In STAT 515, we will be covering the fundamentals of probability with a view towards statistical inference. Probability is a collection of tools for helping us to reason quantitatively about uncertain events. This type of reasoning is becoming increasingly imporant in many disciplines.

Let's consider two questions:

+ What are the chances that at least two people in this class have the same birthday? 

+ What are the chances that someone in this class has the same birthday as you? 

Are these two questions asking about the same probability or are they different?

### [Same or different?](https://www.menti.com/d2a755) [menti poll]

Let's take a minute to talk about *why*.

## How does group size effect the chances of having at least one match?

Now let's try to answer the following question:

+ How large of a group do we need to have a better than 50% chance of having a match? 

Here by a match we mean that at least two people in the room have matching birthdays (MM/DD). We are ignoring leap years, twins, etc. We are interested in knowing the smallest number of people for which a match happens with probability greater than or equal to 0.50. Let's not worry too much about about how to compute the probability of having a match. That will come later in the course! Right now, let's just try to think about what a *sensible* answer might look like. 

If there are 365 days in a year, then will the total number of people need to be close to 365?

Perhaps 365 people is far too many... Would 182 people--about half of 365--be sufficient to have a birthday match?

How about 50 people---would that be enough to have a better than 50% chance of having a match? What is the *smallest number of people* that would be enough to fulfill the condition (having a better than 50% chance of having a match)?

### [What is the smallest number of people that would be enough to fulfill the condition?](https://www.menti.com/d2a755) [menti poll]

Let's take a minute to talk about whether our answers are reasonable estimates?

Below, we write some code that describes the probability of having at least one match (at least two people with the same birthday). The function `pmatches` takes a group size (a non-negative integer) and returns the desired probability (a real number btween zero and one).

In [1]:
%matplotlib inline
import numpy as np

# the following function pmatches takes a number of people and returns the probability of having at least two matches
def pmatches(N):
    return 1-np.prod(np.arange(365,365-N,-1,dtype=float))/365**N # this is 1 minus the probability of having no matches

At present there are 42 students (plus an Eric) in this section of STAT 515. 

In [2]:
pmatches(42+1)

0.9239228556561199

That line above gives the probability of having two matches in this section of STAT 515!!
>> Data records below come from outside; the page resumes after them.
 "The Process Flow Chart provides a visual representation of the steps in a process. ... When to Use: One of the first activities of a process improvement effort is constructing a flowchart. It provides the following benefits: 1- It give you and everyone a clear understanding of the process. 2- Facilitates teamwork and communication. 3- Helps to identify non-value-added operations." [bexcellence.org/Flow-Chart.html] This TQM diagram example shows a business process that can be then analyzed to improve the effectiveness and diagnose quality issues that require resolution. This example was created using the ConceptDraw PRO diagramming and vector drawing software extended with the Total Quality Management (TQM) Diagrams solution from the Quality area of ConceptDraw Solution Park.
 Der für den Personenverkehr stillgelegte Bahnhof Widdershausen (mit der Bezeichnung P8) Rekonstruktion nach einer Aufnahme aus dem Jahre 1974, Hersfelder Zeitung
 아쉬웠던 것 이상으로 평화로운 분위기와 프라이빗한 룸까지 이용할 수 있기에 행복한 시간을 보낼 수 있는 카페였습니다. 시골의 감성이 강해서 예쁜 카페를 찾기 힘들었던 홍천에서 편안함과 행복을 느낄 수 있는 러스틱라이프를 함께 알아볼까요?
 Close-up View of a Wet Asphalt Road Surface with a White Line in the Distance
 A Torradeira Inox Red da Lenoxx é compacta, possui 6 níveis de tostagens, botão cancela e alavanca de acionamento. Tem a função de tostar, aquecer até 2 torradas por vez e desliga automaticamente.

Remember that the probability is telling us something about the frequency with which the event 'at least two matches in a group of size 41' occurs. Although the probability is high (close to 1), *it is not a guarantee*. That is, if Eric teaches Stat 515 from now until the end of time (with the same sized class), there will be two matches about 90% of the time. While it is highly likely that two people in your Stat 515 class today have the same birthday, we won't know until we take a little poll (and look at a statistic). 
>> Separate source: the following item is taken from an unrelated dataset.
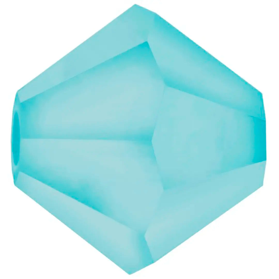 Preciosa crystal beads Bicone in Aqua Bohemica Matte have a smooth thread hole and are multi-faceted to reflect the light, making them perfect to create bespoke designs. Preciosa Bicone Beads have a cylindrical shape and taper towards both ends to create a unique bi-conical shape. The multi-faceted surface of these beads, which narrows towards each end, adds texture, depth, and sparkle to different jewellery and custom-made designs.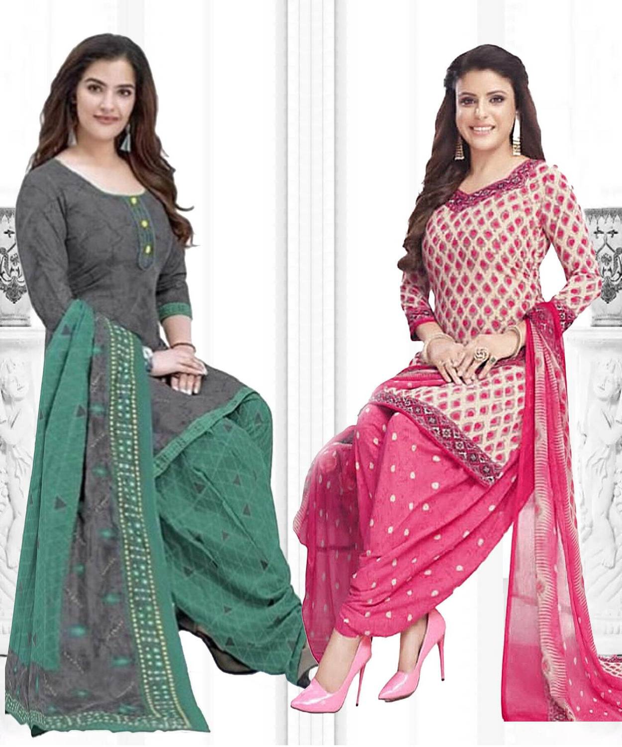 2 Unstitched top , 2 Unstitched bottom , 2 Unstitched dupatta

### [Please enter your birthday as MM/DD.](https://www.menti.com/d2a755) [menti poll]

Below is a plot of the probability of having at least one match (i.e. two people with the same birthday) versus the number of people in the group. I've also plotted the probability of having no matches for comparison.

In [3]:
import plotly.plotly as py
import plotly.graph_objs as go
from plotly.offline import download_plotlyjs, init_notebook_mode, plot, iplot, offline
init_notebook_mode(connected=True)

In [4]:
N=75
numpeople = np.arange(0,N)
prob = np.array([pmatches(i) for i in range(0,N)]) 
prob_none = np.array([(1-pmatches(i)) for i in range(0,N)])

# Create a trace
trace = go.Scatter(
    x = numpeople,
    y = prob,
    name='≥ 1 match'
)
trace2 = go.Scatter(
    x = numpeople,
    y = prob_none,
    name='no matches'
)

data = [trace, trace2]
layout = go.Layout(
    title='Birthday problem',
    xaxis=dict(title='group size, in number of people'),
    yaxis=dict(title='probability'),
    showlegend=True
)

fig = go.Figure(data=data, layout=layout)
offline.iplot(fig, filename='birthday')

+ Use the plot above to find the smallest number of people for which the probability of having a match is at least 50%. 
+ Use the plot above to find the smallest number of people for which the probability of having a match is at least 75% and at least 25%.

*Hints*: `P(match in group of size 23) = 0.5073`, `P(match in group of size 15) = 0.2529`, `P(match in group of size 32) = 0.7533`.

*Answers*: `23`, `32`, `15`.

Hopefully this simple example has illustrateed that we need to learn some new mathematical tools if we want to reason quantitatively about uncertain events. Hopefully it has also illustrated that our intuitions can fool us.